Just when I thought I had put the craziness of 2007 to bed, 2008 came along and it’s threatening to be even worse. I would love to remember what a sense of normalcy feels like.
Randy may be changing jobs before too long. Everyone at his place is ready to bail, due to the owner not having a clue or having any sense of professionalism. Typical business B.S. In the meantime, I’m feeling like my job is a big question mark at this point, although I love the company. I’m just not sure if I can train my brain to be as analytical as it needs to be for this line of work. My proofreading abilities suck. It’s been a frustrating week, and I’m disappointed in myself. I don’t know what I’m really supposed to be doing with my life.
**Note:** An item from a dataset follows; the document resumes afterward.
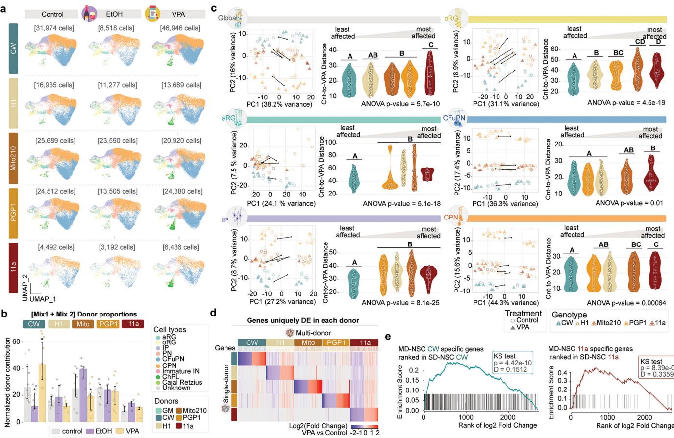 图5. NSC嵌合体揭示供体特异性易感差异。a、按供体拆分并经细胞类型着色的对照组、EtOH处理组和VPA处理组嵌合体UMAP图谱。b、对照组NSC嵌合体(灰色,n=10次重复)及EtOH(n=7次)或VPA(n=11次)处理后的标准化供体比例条形图。Y轴表示每个嵌合体中测量的供体丰度与混合样本中所有供体均等表达时的预期丰度之比。实心条:中位数;误差条:上下四分位数。显著性检验:对每个供体的细胞计数应用负二项广义混合效应模型进行单侧F检验。FDR校正p值:* - <0.1;** - <0.01;*** - <0.001(参见方法)。c、对VPA处理组(三角形)和未处理组(圆形)NSC嵌合体各细胞簇基因表达矩阵进行主成分分析,按供体(颜色标示)和重复样本进行伪批量处理,分析涵盖所有细胞(左上,n=94)及按细胞类型细分样本(oRG、aRG、CFuPN、IP和CPN分别对应n=85、70、94、88、94)。对应右侧面板:小提琴图展示各供体经处理与未处理伪批量数据点在PCA空间中的成对欧氏距离。箱线:中位数及上下四分位数;须线:最近铰链1.5倍四分位距内的最高/最低值。距离越大表明VPA处理引发的表达谱变化越显著。显著性检验:方差分析(ANOVA)及后续双尾Tukey事后配对检验。d、VPA处理MD-NSC嵌合体中供体特异性差异表达基因热图。e, 供体特异性差异表达VPA处理MD-NSC嵌合体的基因集富集分析(GSEA),基于对应的SD-NSC数据集排序。P值通过双侧柯尔莫哥洛夫-斯米尔诺夫检验计算。

When I talked to Susan yesterday, she sounded tired and resigned for the first time since she was diagnosed. There was even some silence. Usually, she is upbeat and talks my ear off. She told me she’s in the process of giving her personal effects to her friends and loved ones. She’s hoping the sale of her house will pay all her bills. I told her that didn’t matter right now. I talked about hope, and that I would see her again someday. I hope I didn’t bore her with all of that. She already knows where she’s spending eternity. I just was at a complete loss for words.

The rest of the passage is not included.